近年来,推荐系统在理论和实践中都得到了快速的发展,但是随着所应用的系统规模的进一步扩大,推荐系统也面临着一系列的挑战。本论文对推荐系统中的推荐算法及隐私保护等关键技术进行了有益的探索和研究。本论文的研究内容主要是将数据挖掘与机器学习相关技术应用于推荐系统中,主要涉及推荐系统的实时性、推荐质量和隐私保护等方面的应用研究。本论文的主要研究工作如下:
(1)针对推荐系统中数据高维稀疏性的影响,提出了一种基于非负矩阵分解的协同过滤技术,分析及实验都表明,算法能够提高推荐生成速度,满足推荐系统实时性要求。实验还表明,算法能够提高推荐质量。
(2)推荐系统中项目数量庞大,用户仅能对其中部分项目进行评价。当用户之间缺少对相同项目评分时,即使他们对相似项目进行评分,系统也不将其视为近邻,这就导致了“相似不相同”问题,影响推荐质量。针对这一问题,我们提出了分层相似性的概念,建立了推荐系统的多层相似性度量。实验表明该相似性度量能够提高协同过滤算法的推荐精度。
(3)推荐算法的实时性要求一直以来都是研究者关注的重点内容之一。本文提出了一种基于用户聚类的协同过滤算法,通过离线对基本用户进行聚类,在线时利用已有用户聚类搜索目标用户最近邻,并产生推荐。算法分析表明其能够提高目标用户最近邻的搜索效率,加快生成推荐。通过结合多层相似性度量,实验表明,其不仅能够提高推荐生成效率,而且能够提高推荐质量。
(4)信息安全和隐私保护是数据挖掘领域的热点之一。推荐系统需要收集用户兴趣喜好等相关数据,在一定程度上涉及了用户的个人隐私,因而推荐系统中的隐私保护也开始受到研究人员的关注。本文提出了一种基于随机扰动的隐私保护推荐算法。算法在用户数据收集过程中采用随机扰动技术,并使用非负矩阵分解对数据进行处理,从而形成隐私保护功能,并在此基础上产生推荐。通过分析及实验表明,算法在保护用户个人隐私的基础上,能够产生具有一定精确度的推荐结果,以满足推荐系统的需要。
With the development of the Internet, the web provides more and more information for users, while the structure of the web has also become more and more complex. This situation has made it substantially more difficult for users to find the information they need from the vast amount of materials available on the Internet. The recommender system provides information filtering for a user by predicting the particular user's preference, and it can apply knowledge discovery techniques to make personalized recommendations to help the user quickly find the desired information. At the same time, the recommender system can enable enterprises to achieve the objective of personalized marketing, which can improve sales and generate more profits. In addition, with the popularization of personalized service, the recommender system is widely used on a growing number of web sites, especially in the E-Commerce platform. Because of its great potential for development and applications, the recommender system has become an important research area in web intelligent technologies and attracted significant attention from researchers.

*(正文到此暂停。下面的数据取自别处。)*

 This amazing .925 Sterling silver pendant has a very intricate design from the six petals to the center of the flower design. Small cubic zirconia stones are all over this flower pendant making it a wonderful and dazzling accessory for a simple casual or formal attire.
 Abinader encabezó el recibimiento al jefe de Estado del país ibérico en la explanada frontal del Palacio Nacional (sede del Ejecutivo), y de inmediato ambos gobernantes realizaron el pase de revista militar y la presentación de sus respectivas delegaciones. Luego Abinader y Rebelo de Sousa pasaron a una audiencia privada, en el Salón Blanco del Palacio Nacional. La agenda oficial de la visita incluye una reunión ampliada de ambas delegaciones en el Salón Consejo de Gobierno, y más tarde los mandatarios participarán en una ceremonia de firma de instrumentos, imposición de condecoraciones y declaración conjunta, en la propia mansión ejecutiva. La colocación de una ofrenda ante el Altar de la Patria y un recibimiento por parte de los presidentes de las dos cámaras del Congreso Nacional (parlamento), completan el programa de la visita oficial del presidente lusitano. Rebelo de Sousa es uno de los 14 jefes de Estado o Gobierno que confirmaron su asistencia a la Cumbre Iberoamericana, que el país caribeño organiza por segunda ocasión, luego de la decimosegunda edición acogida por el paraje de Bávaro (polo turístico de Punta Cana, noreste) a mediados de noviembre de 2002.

Although the development of recommender system has been successful in both research and applications, a number of challenging research problems still exist. To address these challenges, this dissertation explores and studies some key technologies of the recommender system, such as the design of novel algorithms with better recommendation quality and enhanced privacy protection technology. In particular, data mining and machine learning techniques are incorporated into the recommender system. Technologies for enhanced real-time recommendation, improved recommendation quality and strengthened privacy protection in the recommender system are investigated.

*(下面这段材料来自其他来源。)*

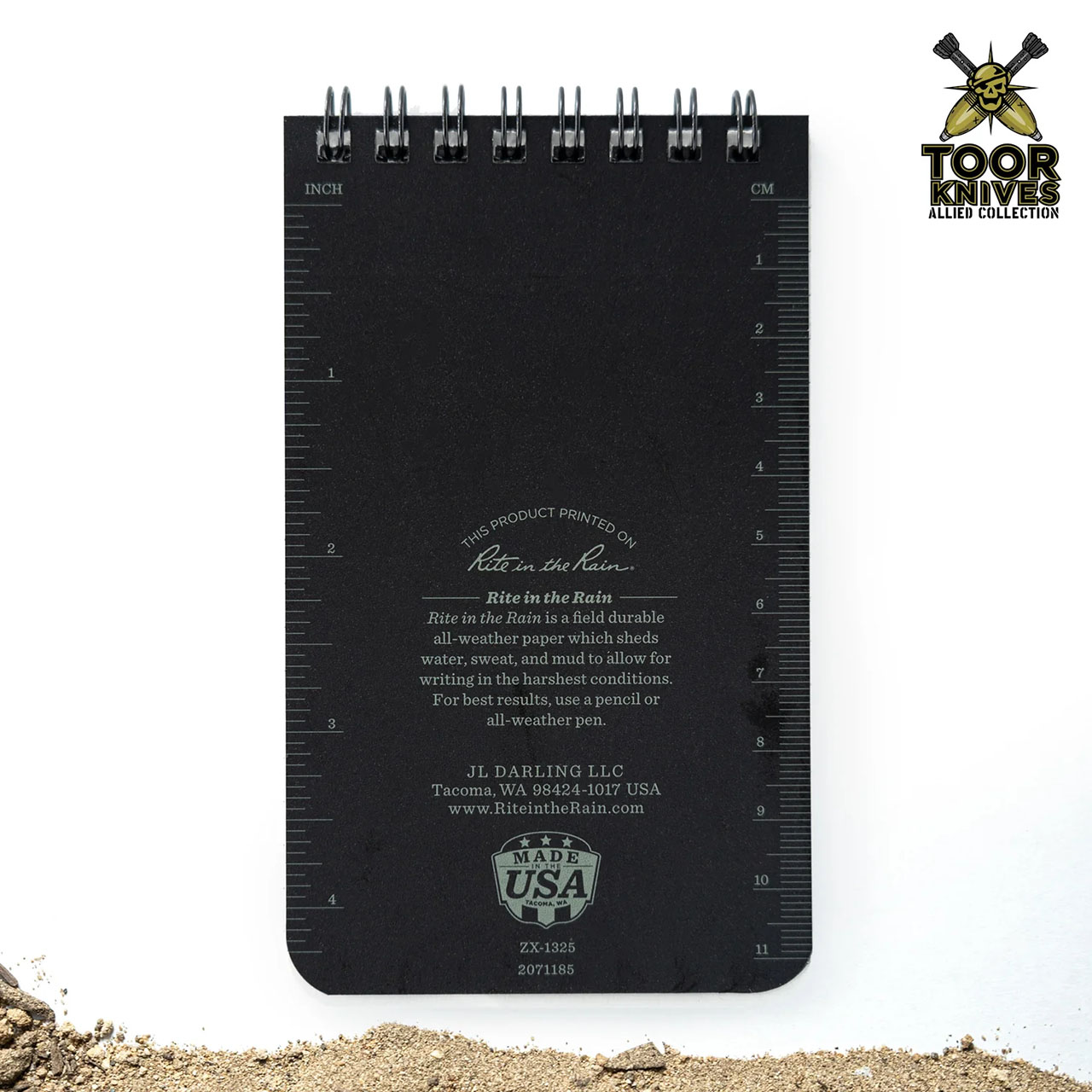 The Allied Field Book is a Rite in the Rain Notebook for those who demand reliability in all conditions. Designed with the Allied Collection logo on its durable cover, this 3 x 5-inch notebook is a nod to the grit and determination of the Allied forces who faced harsh environments and relentless challenges during WWII.

The main research results of this dissertation are as follows:
First, the performance of collaborative filtering systems degrades with increasing number of customers and objects. To reduce the dimensionality of filtering databases and to improve the performance, non-negative matrix factorization (NMF) is proposed. Theoretical analysis proves that NMF-based collaborative filtering can accelerate the process of recommendation generation to satisfy the demands of real-time recommender system. Experimental results show that NMF-based algorithm can improve the performance of collaborative filtering systems in both the recommendation quality and the efficiency of recommendation generation.

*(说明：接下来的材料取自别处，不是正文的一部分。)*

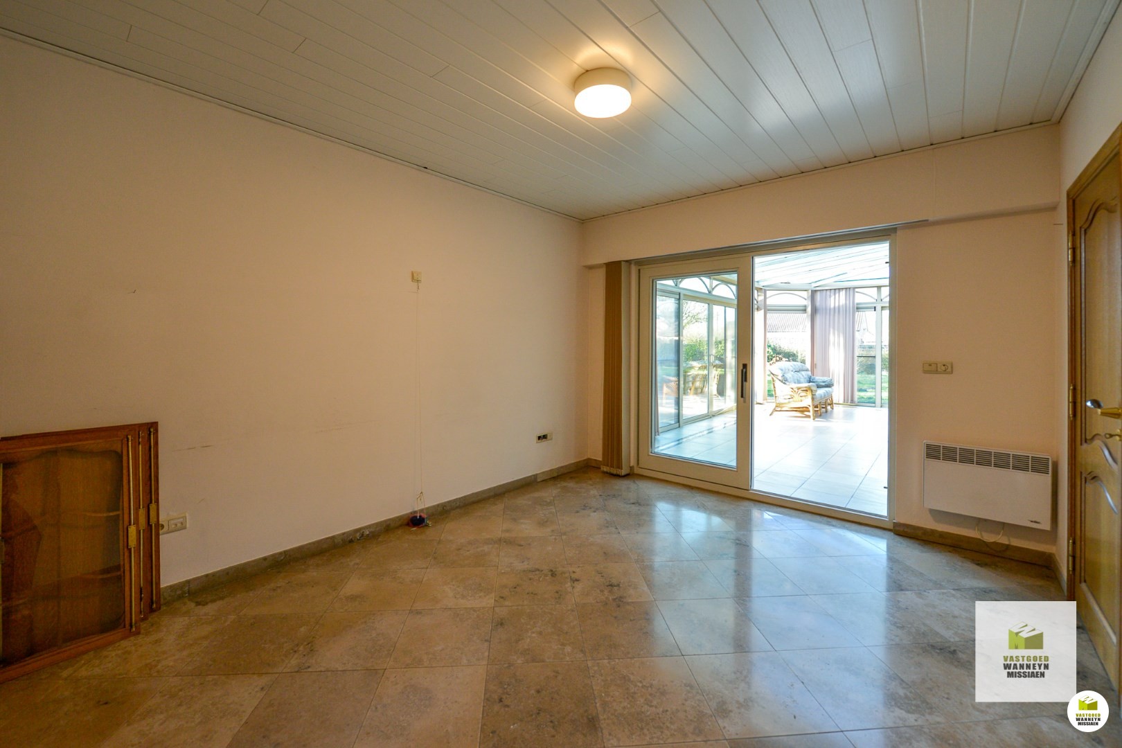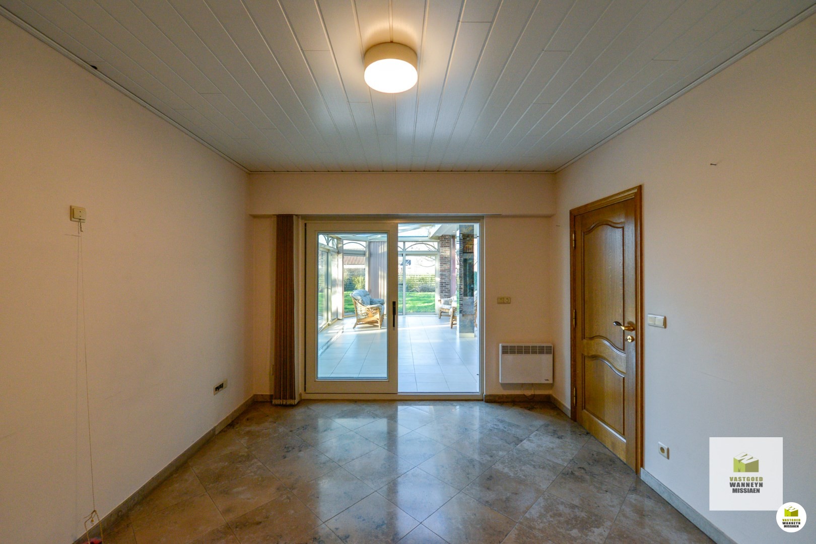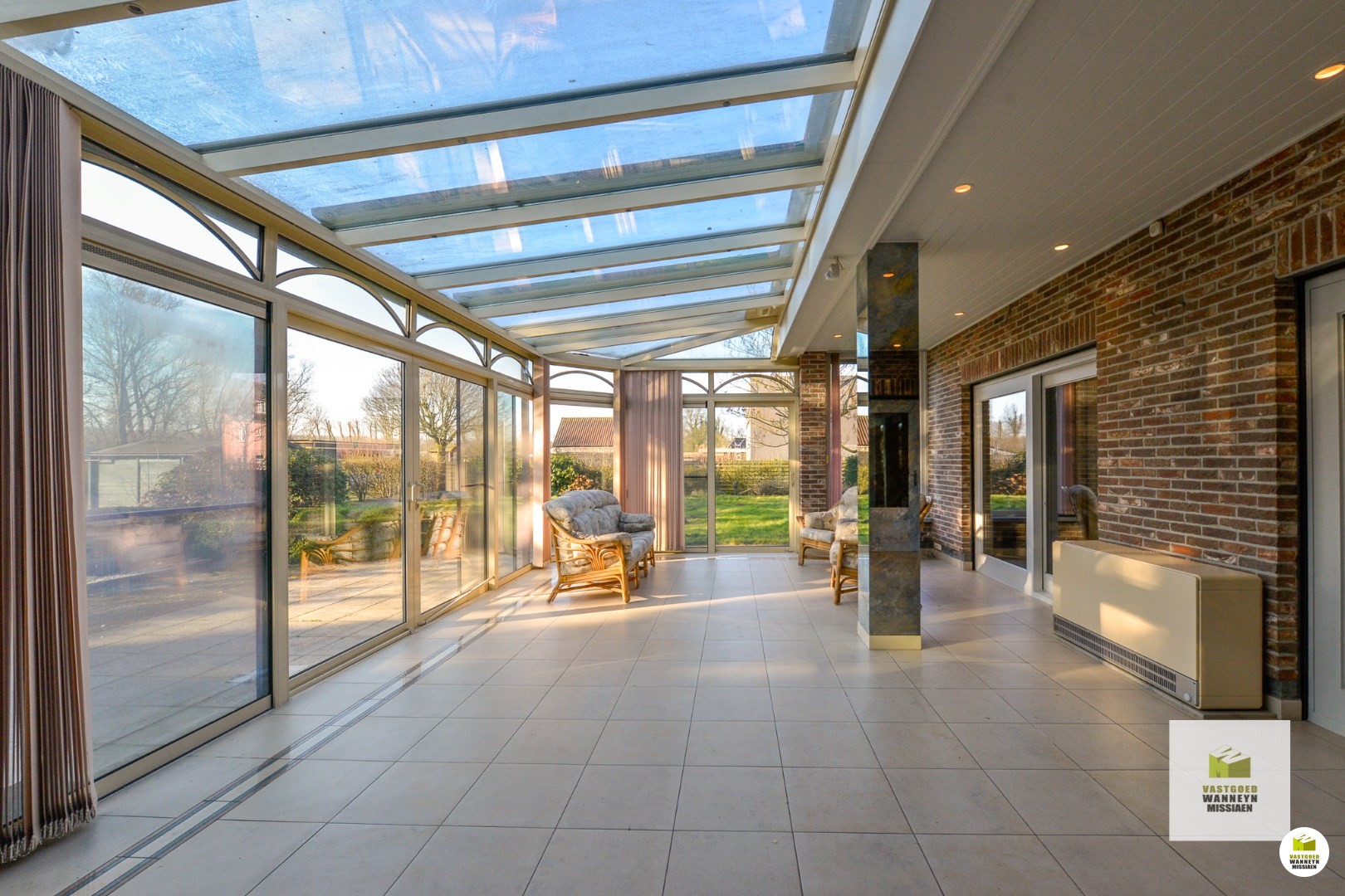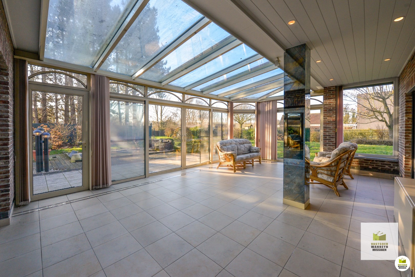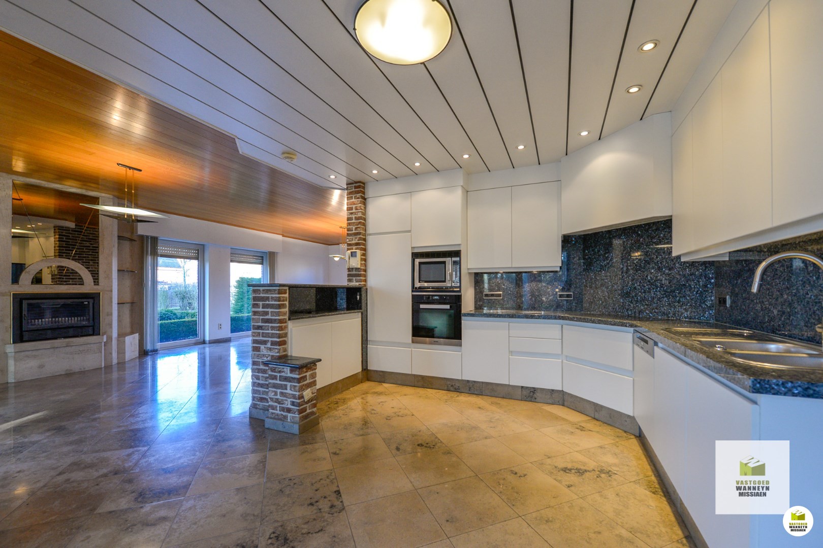 Indeling van de woning is als volgt: Binnenkomen doen we in de open en lichtrijke inkomhal met traphal. Onder de trap is een apart gastentoilet terug te vinden. Vervolgens komen we binnen in de leefruimte, omringd met ramen die voldoende natuurlijk daglicht laten binnenkomen gedurende de hele dag! De leefruimte werd voorzien van een ingebouwde houtkachel, om in de winter of 's avonds gezellig voor tot rust te komen. Vervolgens is de keuken gelegen. Deze staat in verbinding met de leefruimte en werd voorzien van een granieten werkblad en Miele toestellen: ingebouwde frigo, oven en microgolf, dubbelen spoelbak en ingebouwde vaatwasmachine. Bovendien is er nog een ingebouwde kraan met zowel gekoeld en kokend als plat en bruisend water! Aan zowel de leefruimte als de keuken is de veranda verbonden. Deze werd bijgebouwd in 1999 en ... voorziet de keuken en leefruimte van extra daglicht en een zalig zicht op de tuin! In de veranda is het genieten van elke zonnestraal op elk moment van de dag en elk moment van het jaar!

Second, the number of objects in the recommender system is generally very large, and individual users are only able to evaluate a small fraction of all the available objects. As a result, the lack of the overlap of objects rated or evaluated by different users can prevent the recommender system from recognizing the otherwise obvious similarity among different objects if each of these objects is rated by a different individual. This is the "similar but not identical" problem which can seriously affect the quality of recommendation results. Therefore, the multi-layer similarity concept is presented and a multi-layer similarity evaluation procedure is established for the recommender system. The experimental results illustrate that the multi-layer similarity evaluation can improve the accuracy and consequently the quality of the recommendations.
Third, to overcome the speed bottleneck of collaborative filtering algorithm used for generating recommendations, a collaborative filtering algorithm based on clustering basal users is described. The algorithm separates the process of recommendation into offline and online phases. In the offline phase, the data of basal users are preprocessed, and the basal users are clustered; while in the online phase, the nearest neighbors of an active user are identified according to the basal user clusters, and the recommendation to the active user is generated. During the course of recommendation generation, the multi-layer similarity evaluation is used. Experimental results show that the presented algorithm can improve the performance of collaborative filtering systems in both the recommendation quality and efficiency.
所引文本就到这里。